I GOT HAIR ON MY CHEST, I LOOK GOOD WITHOUT A SHIRT
2003-03-30 | 1:36 p.m.

MMMMmmmm......Dreams are so confusing. I woke up this morning completely baffled.

I dreamt that I was riding up to the porch of a very old house on the cave train from the Boardwalk in Santa Cruz. After deboarding I walked through the door of the house to see a petite dark haired woman walking away naked down the hall. She was later identified as Amelie. As I walked through the house I came across Gene Wilder who was of course, my husband. Gene tried to get some and as he was lying on top of me kissing me I had a vision of him and Amelie having sex. I told him that he was getting nothing from me but a divorce and that he should be ashamed for sleeping with his father’s new wife. His father looked exactly the same as him but really, really old. I exclaimed to Gene that women have intuition and this is what makes us superior to men. "You suck!" I screamed. Soon his entire family was in this living room with us and I told everyone about what I had found out. No one really cared and I think that’s when I woke up having a bit of an anxiety attack.

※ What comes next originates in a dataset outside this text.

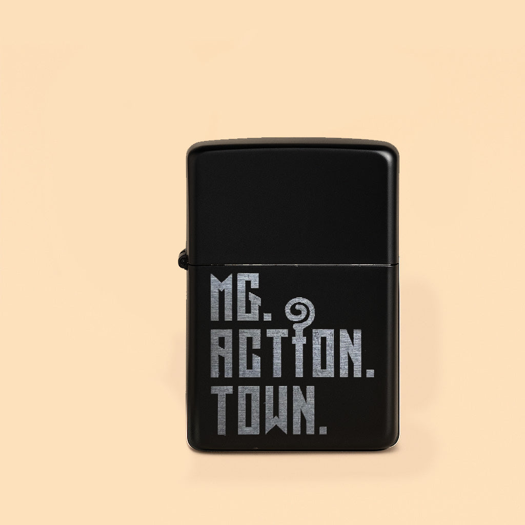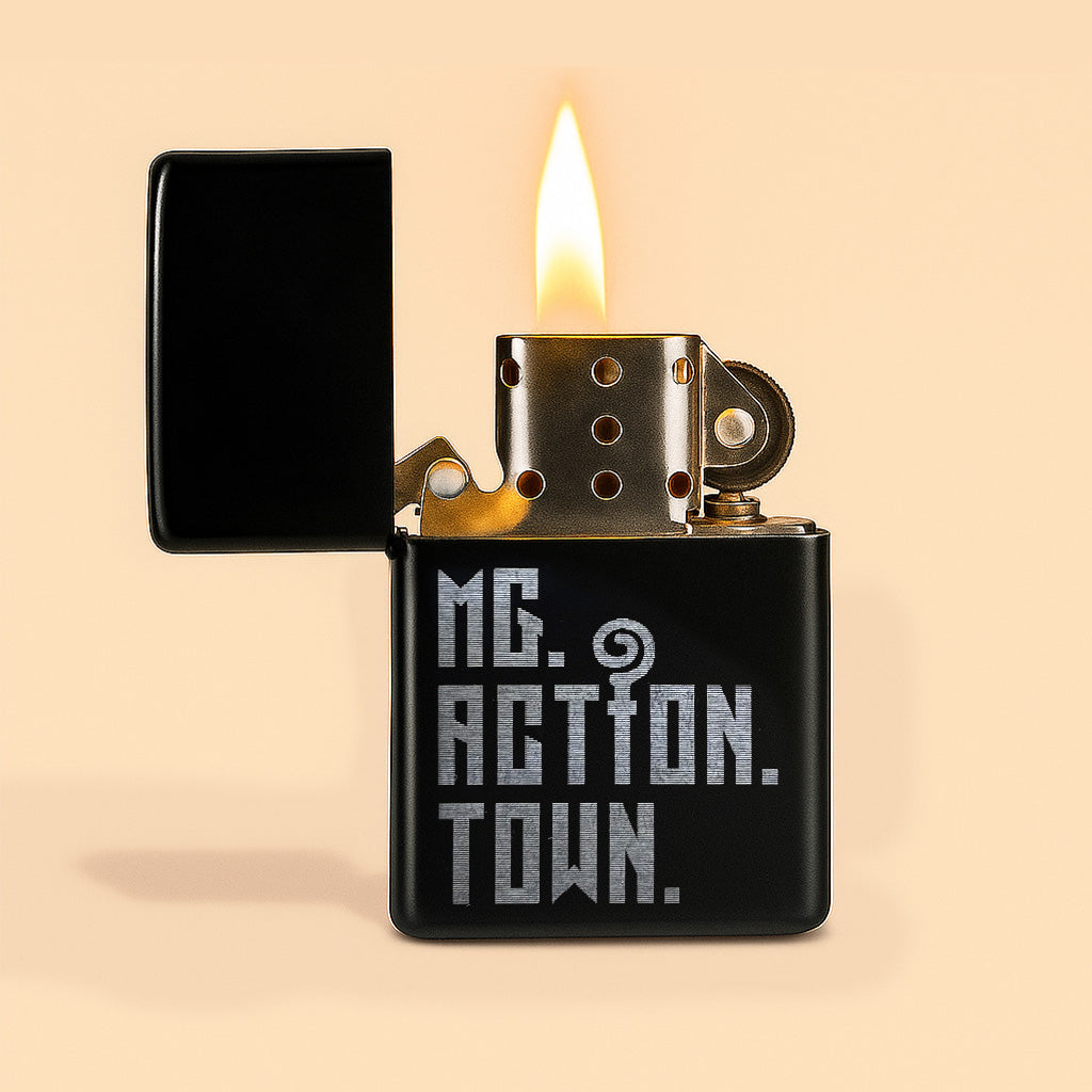 Benzinfeuerzeug „MG.ACTION.TOWN“ – Feuer mit Haltung

Yup, an anxiety attack while sleeping. Who ever heard of that? I never have had one before so I’m only assuming that’s what it was but fuck man it sucked royally. I felt all scared and was shaking. I was like terrified of not being able to go back to sleep but terrified to sleep at the same time. Suck. Suck. Suck.

So normally when I have these dreams of someone cheating on me or people hating me in general it’s my boyfriend and people I know. I think I sent my system into shock mode by throwing Gene Wilder into the mix.

Maybe it has something to do with Theraflu at work and then Nyquil at home before bed. Maybe it was brought on by the drama that is my job. Maybe I’m just crazy. Whatever.

Speaking of my job I’m sure you’ll all be pleased to hear that I was cornered last night by a gentleman who repeatedly told me how he admired me and wanted to be as brave as me all the while trying to cop a feel and letting spittle fly from his mouth onto my fucking face. The look on my face was pure terror and therefore his friend gave me a hundred dollar tip. I said good day to all of them and ran my ass far away never to return. No shit.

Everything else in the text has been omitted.